We developed custom map shaders to procedurally paint complex materials with minimal performance cost. The shaders can generate multiple visual biomes. They create dramatically different looks while using very few resources and maintaining a low impact on GPU and memory.

Shader Graph was also instrumental in building our avatar material system. Through a custom pipeline, a single material can be shared across all characters without relying on textures, while still allowing players to customize nearly every element of their avatar – down to details like nail color. This approach ensures maximum performance even when large numbers of characters and accessories are displayed simultaneously.

PICKABOOM | PIGIAMA KASAMA

Unity Physics performance improvements: Unity Physics powers all interactions, including throwing, grabbing, enemy reactions, and disasters. We optimized Rigidbody settings to remain deterministic enough for multiplayer.

Unity Audio system improvements: The Unity Audio system was used for positional cues, player voices, enemies, and explosions, helping players coordinate and communicate in real time. These improvements enabled clear spatial sound cues, even in chaotic moments.

Addressables stability: We used Addressables to support live updates of characters, objects, and accessories, ensuring maximum flexibility and enabling long-term scalability for the project.

PICKABOOM | PIGIAMA KASAMA

How did the team implement GPU-optimized effects?

PS: We implemented GPU-optimized effects by first using GPU instancing for vegetation and gems. This played a major role in reducing the performance impact of VFX and particles. We then optimized each shader to keep it as lightweight as possible, containing only the logic strictly required for its purpose.

We also optimized geometry to keep polygon counts and draw calls as low as possible. Our intricate cave system is extremely lightweight, allowing smooth performance on standalone VR hardware. Large sections of the PICKABOOM map can be prototyped, tested, and deployed in under two working days thanks to our custom-developed map editor.

Lastly, we reduced lighting costs. The game’s visual style was designed to minimize the use of real-time lighting almost entirely. Real-time lights are used only when absolutely necessary, such as for specific VFX moments or the player’s torch. Our custom map editor includes an adaptive light probe system built specifically for cave environments, allowing us to achieve stable, believable lighting at a fraction of the performance cost.

We benchmarked each part of this approach for 60+ fps on Quest 3 and Quest 3S.

PICKABOOM | PIGIAMA KASAMA

What are your content stream goals?

MF: We release new updates every week, including new items, new mini-games, stability improvements, and player-requested features. We plan two to three weeks ahead but maintain flexibility based on player feedback and crash reports.

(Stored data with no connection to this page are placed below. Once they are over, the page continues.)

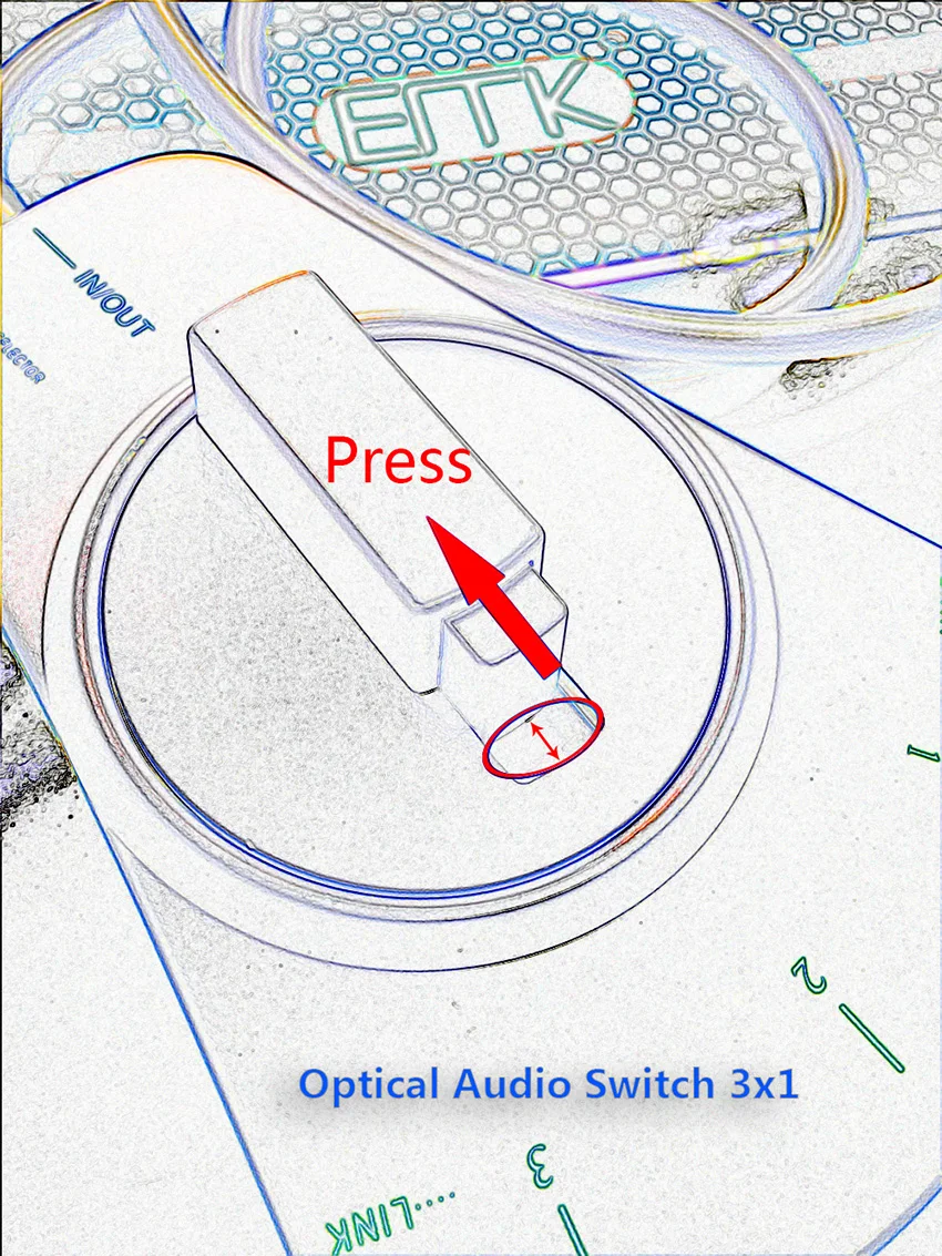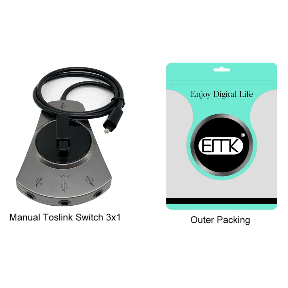 EMK 3x1 Audio óptico de 3 vías Interruptor manual bidireccional toslink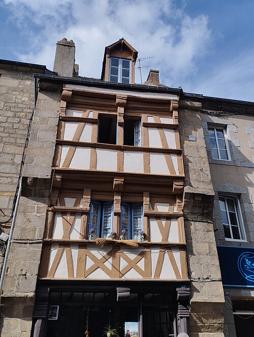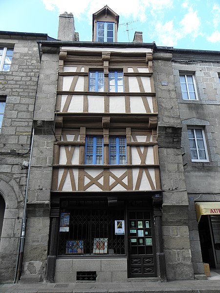 La maison située 37 Grande-Rue à Quintin (Côtes-d'Armor, Bretagne) présente une architecture conservée des XVIe–XVIIe siècles. La façade, débarrassée de l'enduit qui masquait l'ossature ancienne, révèle des poutres d'avant-solier moulurées en bois sur deux étages. Une petite tête sculptée en relief orne la hauteur du premier étage. Cette même hauteur est rythmée par des croix de saint André, renforcées par des poutres horizontales. Les deux baies sont contreventées par une croix de saint André placée sous leur allège. Quintin a été érigée en duché en 1691 et conserve plusieurs édifices de ces époques. La façade en bois et la couverture de cette maison sont partiellement inscrites au titre des monuments historiques par arrêté du 28 mai 1951. Des notices et ressources sont consultables dans la base Mérimée et sur les portails consacrés aux Côtes-d'Armor et aux monuments historiques; on peut également se référer aux articles et listes concernant Quintin et les monuments historiques des Côtes-d'Armor, notamment ceux protégés en 1951.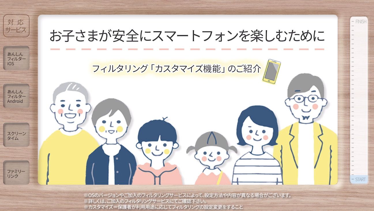 本年度は、フィルタリングサービスにおける便利な機能(カスタマイズ機能など)の紹介や、保護者の方と一緒に各種設定を行い、お子さまの年齢や利用状況に合わせたスマートフォンの利用ができるよう、充実化を図っています。また、保護者の方が未就学のお子さまとスマートフォンを共用で利用する際の注意点について教材に追加するなど、インターネット利用の低年齢化に伴う取り組みの強化も実施しています。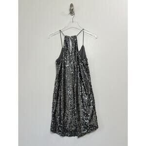 The Express Sequined Mini Dress in Silver is a stylish and shimmering option for women looking for a metallic-themed outfit. The short dress length and sequin accents add a touch of glamour, making it perfect for special occasions or nights out. The silver color and mini style give it a trendy and sophisticated look, while the brand name Express ensures quality and fashion-forward design. Perfect for those looking to make a statement with their attire.

We’re able to turn around content very quickly by using modular content, rapid prototyping approaches, and Addressables.

What performance-related issues did the team encounter?

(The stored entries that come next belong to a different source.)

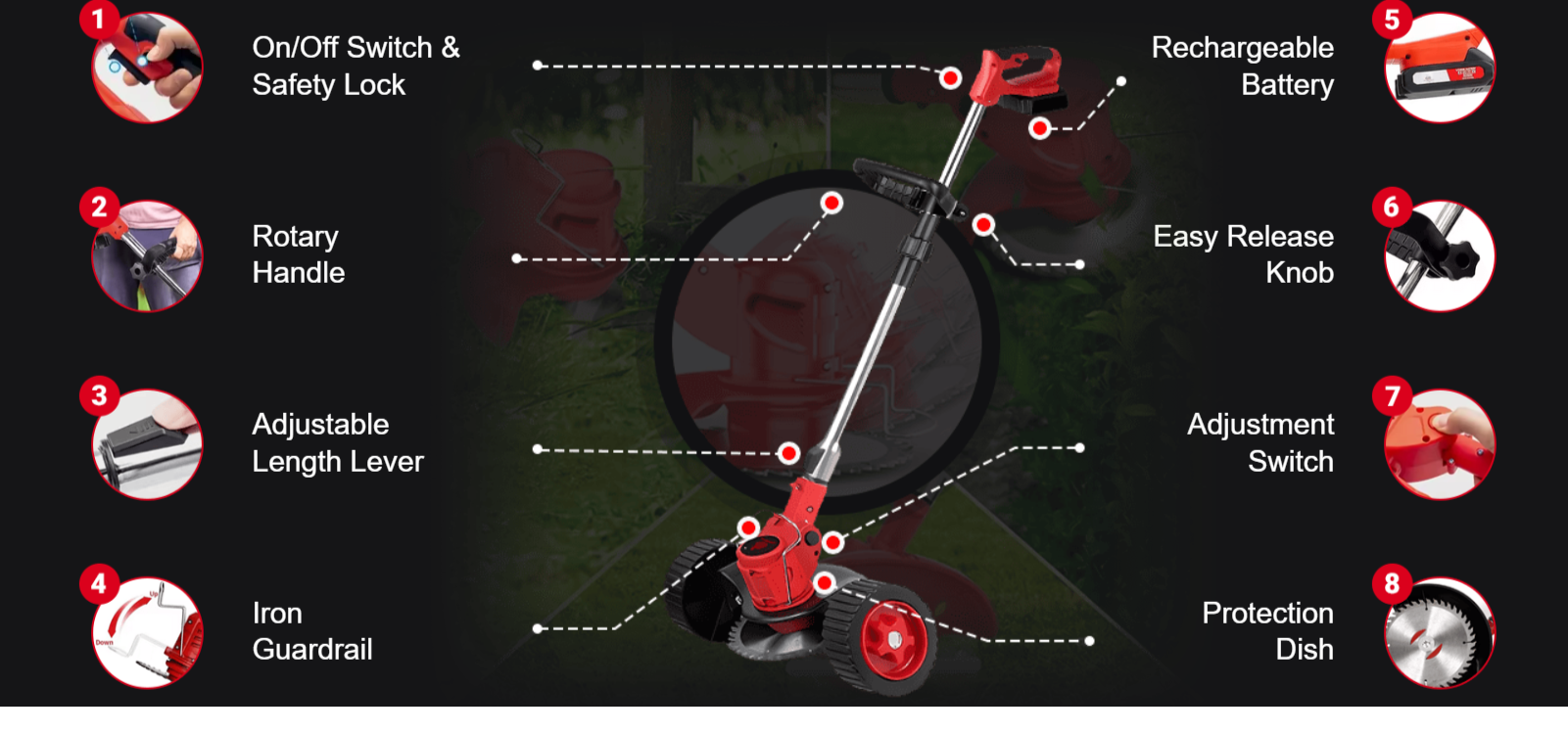 Precision Lawn Grooming: Maintaining a lush, even lawn becomes faster and more precise with this trimmer. It streamlines regular mowing, helping you achieve a perfectly groomed yard without exhausting effort.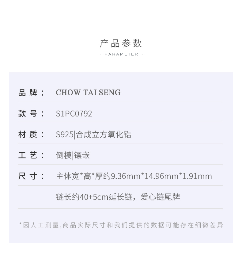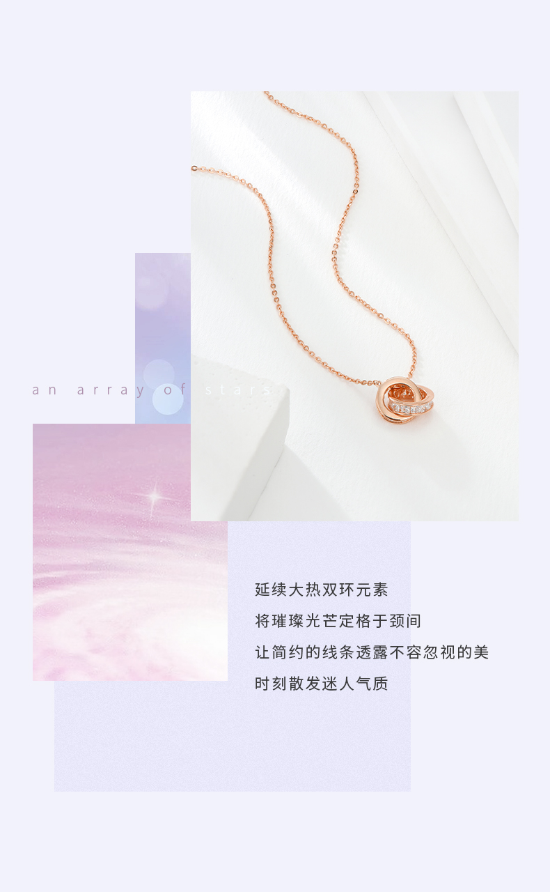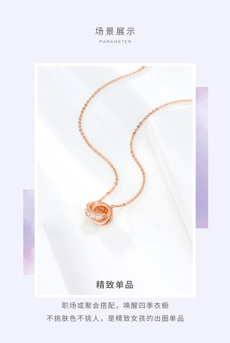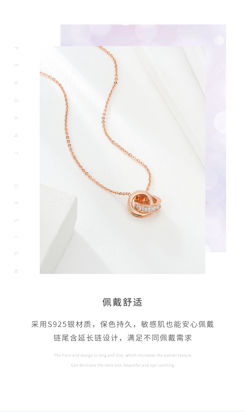 周大生S925银镶锆石项链女ins小众设计双环锁骨链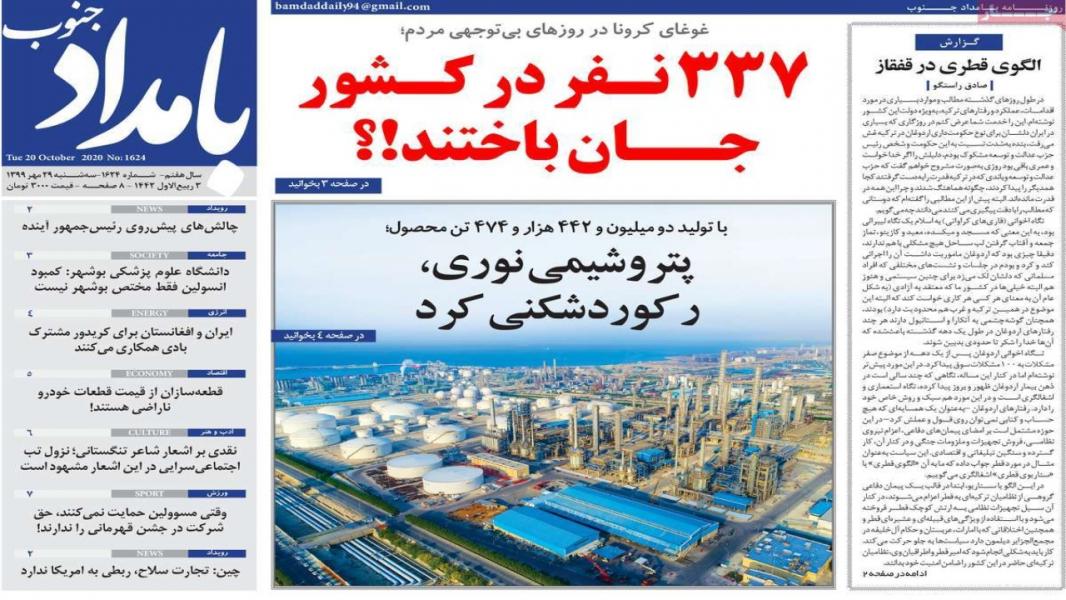 صفحه نخست روزنامههای بوشهر را در ۲۹ مهر ۹۹ اینجا بخوانید.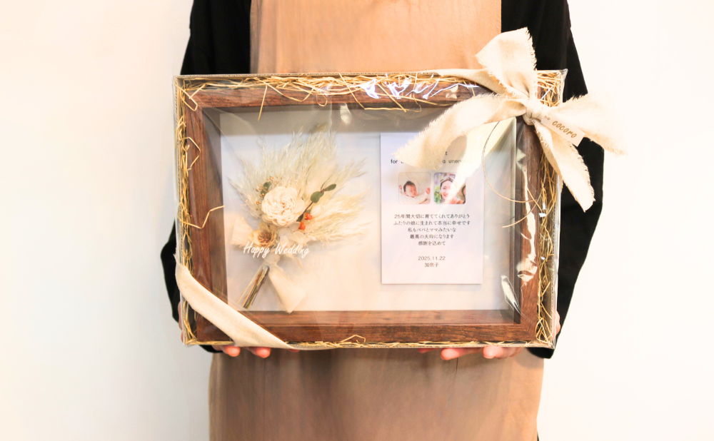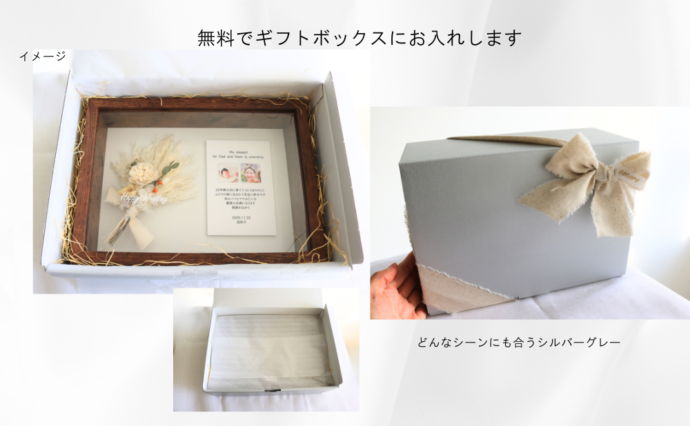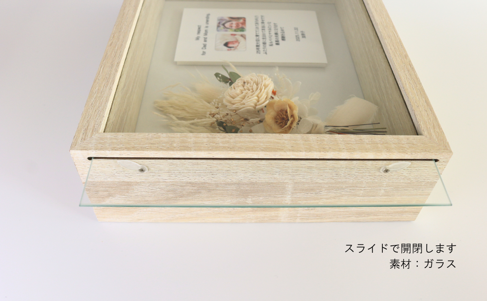 お好きなメッセージを添えて贈る小さなボックス。ガラス面の文字がより一層ブーケを引立てます。

PS: We faced physics spikes, Rigidbody explosions, network jitter, and GPU load issues during disaster gameplay. We addressed these challenges by simplifying the physics layer, optimizing colliders, using GPU instancing and lower-cost shaders, improving synchronization frequency, and removing unnecessary object updates.

The Unity Profiler and the Frame Debugger were very helpful. We also relied on the Deep Profiler to pinpoint garbage collection issues, as well as Android Logcat for runtime diagnostics.

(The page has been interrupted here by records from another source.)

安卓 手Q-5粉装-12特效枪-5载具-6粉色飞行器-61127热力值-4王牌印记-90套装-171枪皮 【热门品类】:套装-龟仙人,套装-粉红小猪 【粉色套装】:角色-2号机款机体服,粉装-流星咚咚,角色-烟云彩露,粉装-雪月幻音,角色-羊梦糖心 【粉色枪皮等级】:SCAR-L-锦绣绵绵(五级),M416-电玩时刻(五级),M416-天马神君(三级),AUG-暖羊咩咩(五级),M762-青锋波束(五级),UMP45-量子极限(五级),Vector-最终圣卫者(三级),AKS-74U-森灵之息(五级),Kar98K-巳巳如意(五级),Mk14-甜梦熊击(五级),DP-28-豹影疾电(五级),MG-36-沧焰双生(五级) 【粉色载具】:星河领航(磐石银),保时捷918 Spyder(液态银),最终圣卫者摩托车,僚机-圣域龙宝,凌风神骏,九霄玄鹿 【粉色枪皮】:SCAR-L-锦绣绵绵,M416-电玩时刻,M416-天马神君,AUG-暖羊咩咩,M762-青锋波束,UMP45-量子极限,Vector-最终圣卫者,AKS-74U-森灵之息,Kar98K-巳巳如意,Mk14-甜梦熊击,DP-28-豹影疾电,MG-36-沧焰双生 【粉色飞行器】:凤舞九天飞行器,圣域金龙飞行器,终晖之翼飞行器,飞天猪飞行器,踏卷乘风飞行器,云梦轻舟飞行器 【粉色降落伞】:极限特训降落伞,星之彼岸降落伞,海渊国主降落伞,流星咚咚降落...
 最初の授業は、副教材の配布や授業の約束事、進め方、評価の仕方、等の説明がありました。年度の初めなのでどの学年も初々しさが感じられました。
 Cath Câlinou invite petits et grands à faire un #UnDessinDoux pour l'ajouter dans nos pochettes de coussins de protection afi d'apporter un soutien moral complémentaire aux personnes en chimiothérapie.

PICKABOOM | PIGIAMA KASAMA

What milestones are you most proud of?

MF: First and foremost, we’re happy to have achieved a stable 60+ fps on Quest 3 and Quest 3S. We’re also proud to support hundreds of networked physics objects without any performance loss and to maintain zero “blocker” bugs during weekly updates. Lastly, it’s great to have a camera system that captures high-quality footage without frame drops.

What advice would you give a developer looking to scale their VR game?

PS: My advice would be to prototype quickly and refine later. It’s also important to keep multiplayer architecture simple before scaling and to profile constantly.

MF: It’s essential to build content in modular pieces and to prioritize frame stability over visuals. I’d also recommend testing with real players weekly and developing tools early.